If it’s all a matter of how one perceives what “being a man” or “being a woman” means, wouldn’t there be a lot of post-transition trans people who are disappointed? Because, after all, actually being, say, a woman wouldn’t feel like that person’s “false notion” of what it feels like to be a woman. Right?
Isn’t gender dysphoria the sense that one’s actual gender doesn’t match one’s physical sex characteristics? In other words, isn’t the sense of being a female–not just wanting to be what one thinks a female feels like–already present?
The reason we separate men and women sports is because men’s bodies are capable of higher performance that women just shouldn’t be forced to compete against. The body is the important thing here, if you have a male body you compete against males.
For sports purposes, the gender distinctions of male & female were defined before modern times. Excluded, since it wasn’t known to exist, were trans-persons and drug-enhanced performance.
If a third sex were discovered, would it be reasonable to include it in male or female categories? I think not.
So we need another category or two. Male & female aren’t enough nowadays.
Sadly, many people mis-identify the cause of their unhappiness.
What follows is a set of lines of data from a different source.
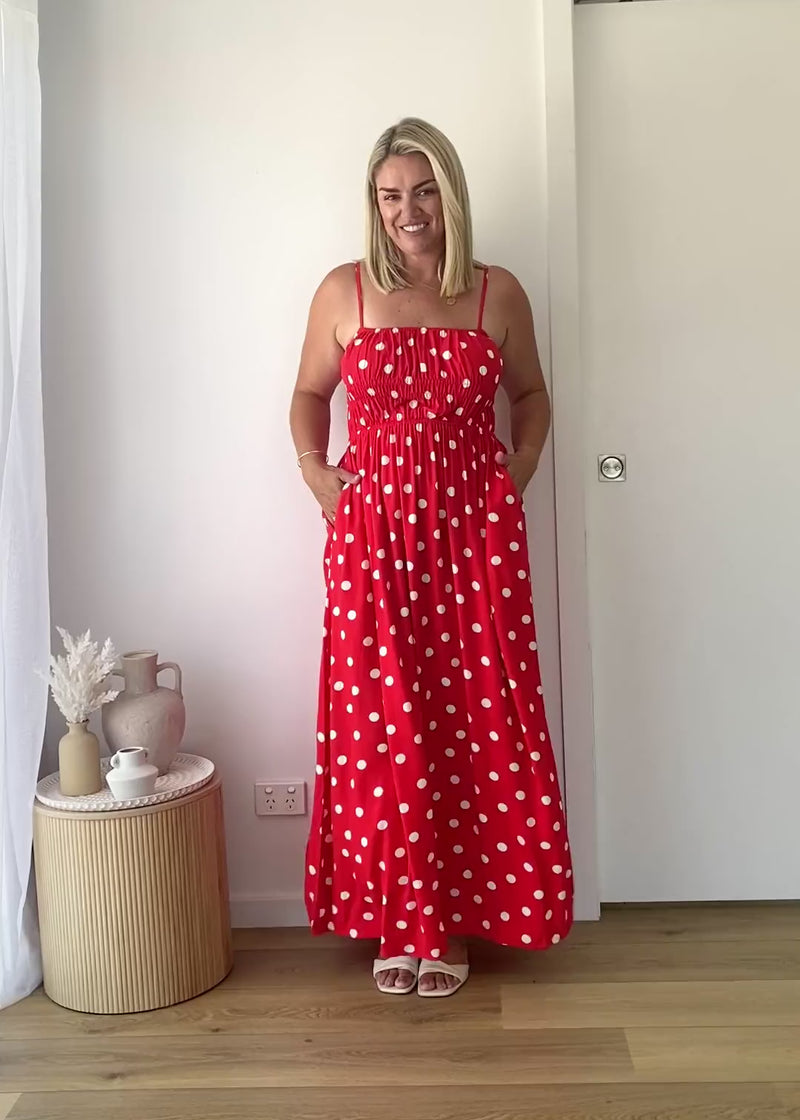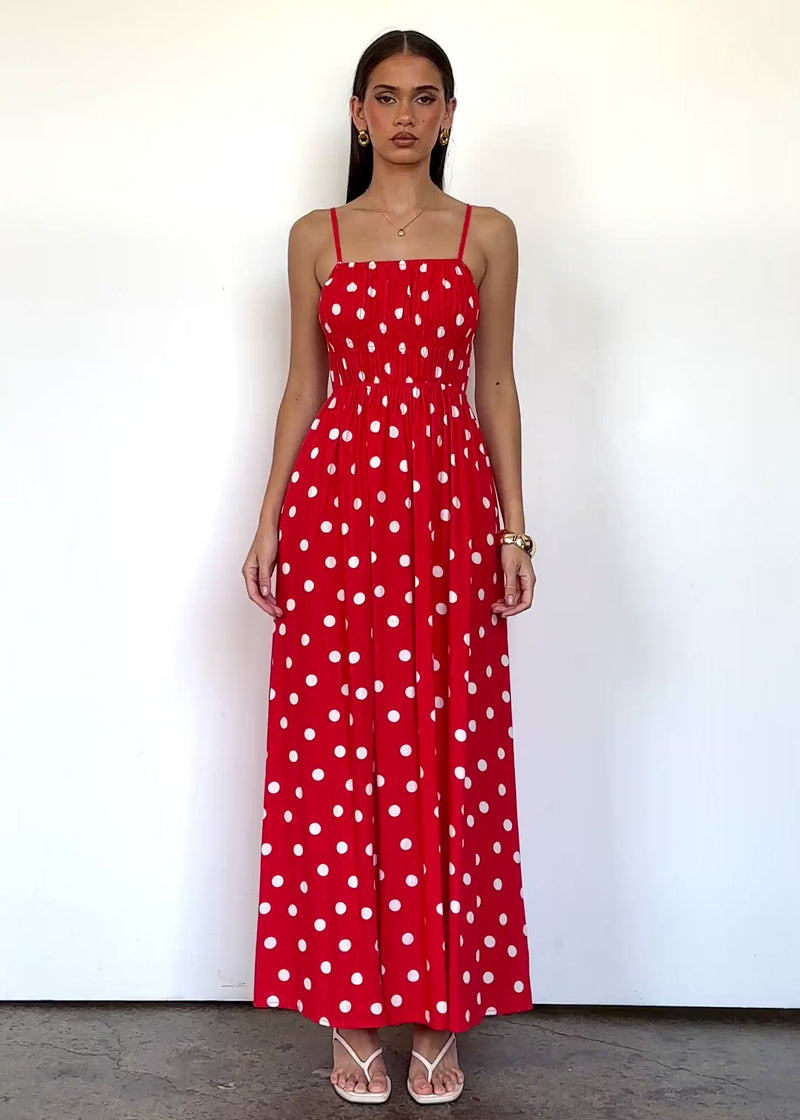Retro meets modern in the Nina Maxi Dress - Red Polka. Perfect for brunches or garden parties, it pairs beautifully with white sandals, cat-eye sunnies, and a red lip.
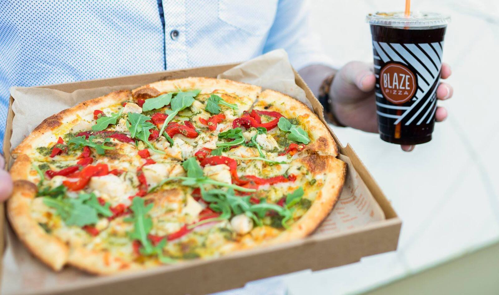 Of the pizza chains that do delivery, Blaze Pizza is one of the most vegan-friendly. At this LeBron James-backed restaurant, the Classic, High-Rise, and gluten-free crust options are all vegan. Then, you can top it with dairy-free cheese, plant-based chorizo, and all of the veggies.
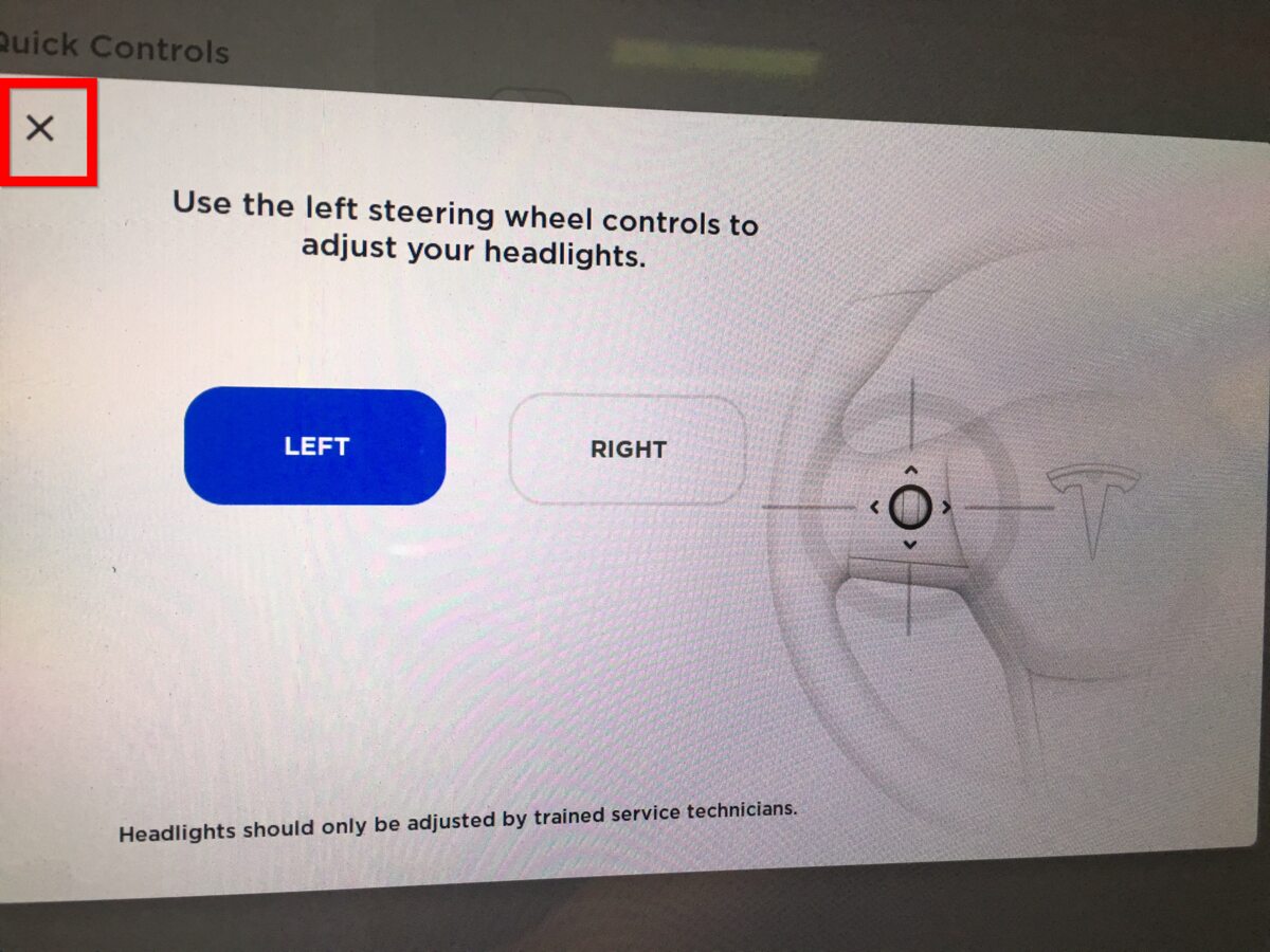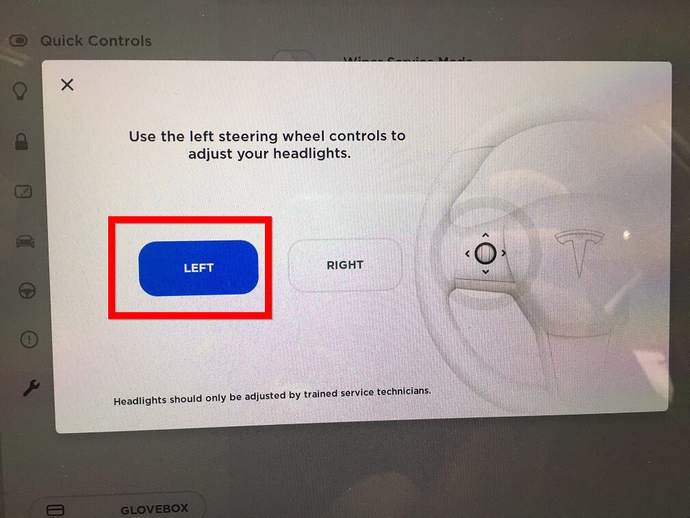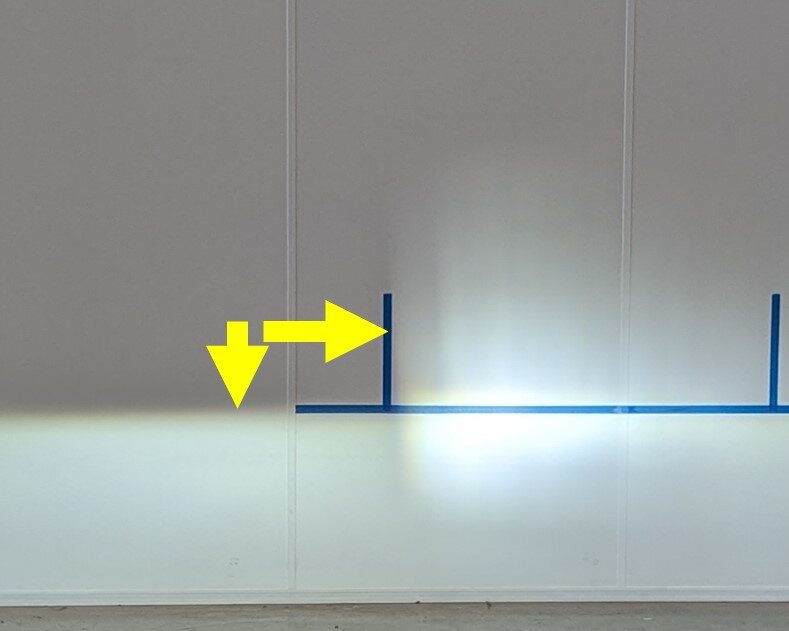 调节左侧前照灯:点击触摸屏上的Left,然后使用方向盘左滚轮调整光束水平。调整左侧前照灯,使水平光束顶部与墙壁上的水平胶带标记对齐,且 “L” 型光束的左边缘与左侧垂直参考胶带标记对齐。
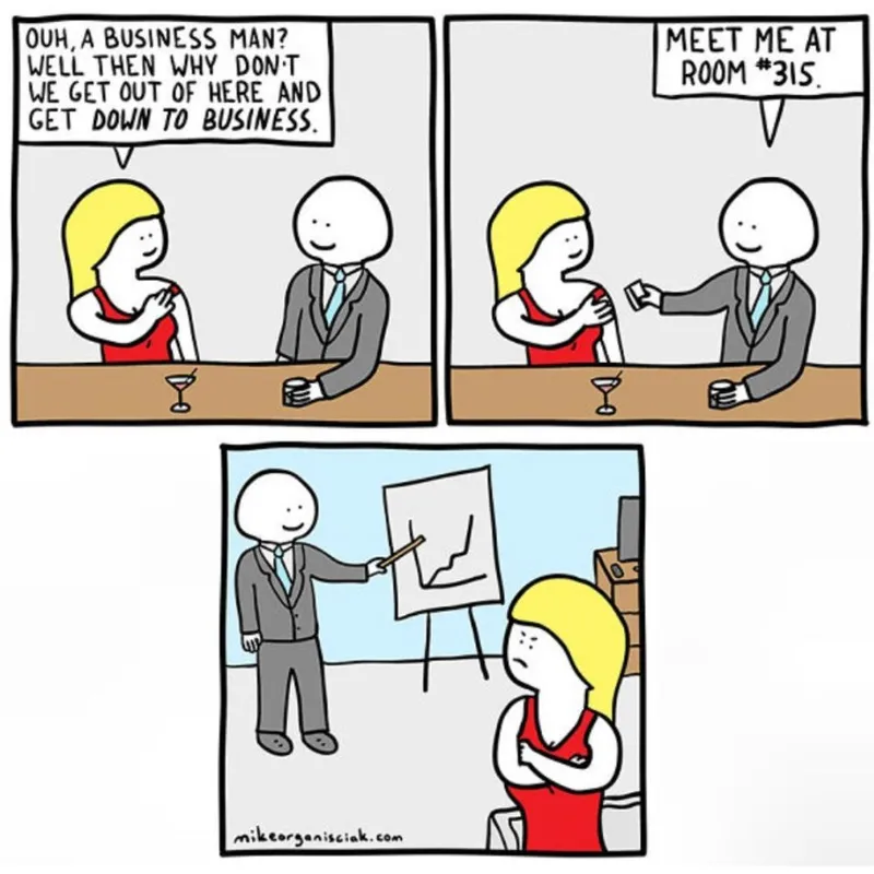 Business trips have a certain stereotype: suitcases, stale hotel rooms, and… questionable encounters in lobbies and lounges. This comic seems to start down that familiar path—until it flips the script.
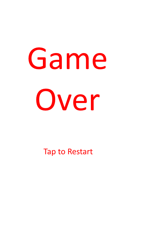 Now to facilitate the game ending, we wish for a Game Over screen to appear and the player will simply need to tap to restart it. Thus I simply just created a gameOver.png file that is 480*800 to overlay on top of the screen:
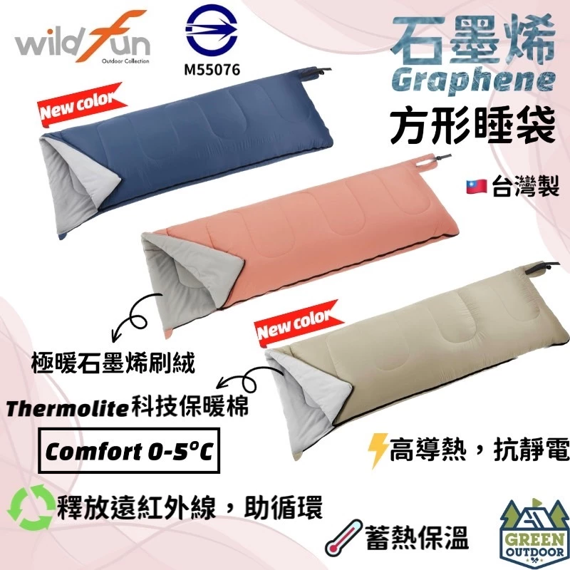 【綠色工場】Wildfun 野放 石墨烯方型睡袋 遠紅外線 T3科技棉 舒適溫度0~5度 戶外露營 旅遊 居家
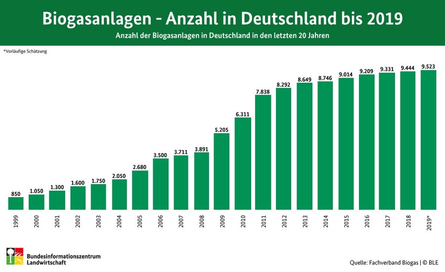 Aktuell gibt es in Deutschland etwa 11-mal so viele Biogasanlagen wie noch vor 20 Jahren.
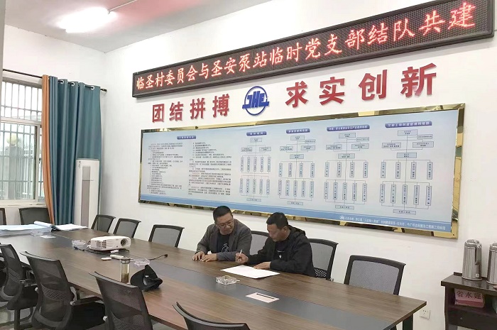 双方签订了结对共建协议,介绍了党支部的基本情况,交流了党建工作中的经验和做法。在听取群众意见后,圣安泵站临时党支部组织施工机械和人员对临圣村主干道进行翻修,为群众解决实际问题。
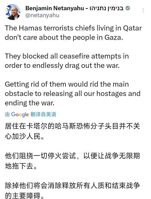以色列总理内塔尼亚胡:“居住在卡塔尔的哈马斯恐怖分子头目并不关心加沙人民。他们阻挠一切停火尝试,以便让战争无限期地拖下去。除掉他们将会消除释放所有人质和结束战争的主要障碍。” 以色列总理内塔尼亚胡在2025年9月13日通过社交媒体发布这条声明,指责哈马斯高层在卡塔尔不顾加沙居民利益,拒绝各种停火方案,想让冲突一直持续下去。他说除掉这些人就能清除释放人质和结束战争的最大阻碍。这话背景是加沙战事陷入僵局,哈马斯政治局成员如哈利勒·阿尔-哈亚和穆萨·阿布·马尔祖克长期住在多哈,享受外交保护和资金支持。情报显示他们否决了多项提议,包括美国推动的交换人质和解除武装计划。 内塔尼亚胡的观点是这些领导人优先保住权力,而不是改善加沙民生,他们通过卡塔尔渠道转移资源建军事设施,而不是民生项目。这声明发布后,引发国际分歧,一些国家认可以色列自卫权,其他国家批评其激进行动。哈马斯回应说以色列才是破坏谈判的元凶,坚持原有条件如全面停战和建国。卡塔尔作为调解方,谴责以色列侵犯主权,重新评估角色。美国发言人表示理解消灭哈马斯目标,但质疑袭击地点。沙特也指责违反国际规范。 这个声明不是孤立的,早前内塔尼亚胡就批评卡塔尔支持哈马斯,甚至称其比其他调解国更成问题。他的财务部长更直白,说卡塔尔资助恐怖主义。冲突中,以色列多次指责哈马斯拖延谈判,比如2024年3月哈马斯回应不包括活人质名单,导致以色列不派团去开罗。2024年5月,以色列抱怨美国没提前告知谈判细节,觉得被背刺。 2024年6月,美国国务院发言人把停火障碍全推给哈马斯,尽管以色列内部官员包括内塔尼亚胡称某些协议是死路一条。2025年1月,内塔尼亚胡拒绝内阁讨论人质协议,指责哈马斯反复。2025年3月,以色列延长停火但没收到人质,哈马斯拒绝提案。这些积累让内塔尼亚胡的声明显得是长期不满的延续,但也暴露谈判双方的互不信任。

It’s an unfortunate human tendency to think “If only this were different, everything would be all right”.
Yet some people find things markedly improved in their lives, once they’ve made their particular change.
I was referring to the fact (not opinion) that being a man includes feeling the way Bruce Jenner felt and not having to decide to “identify as” (which equals “pretend to be”) a woman. That a man who has what he mistakenly interprets as female characteristics is still just a man.
No. Gender dysphoria is the completely mistaken sense that one’s physical sex is unable to accommodate one’s sense of self.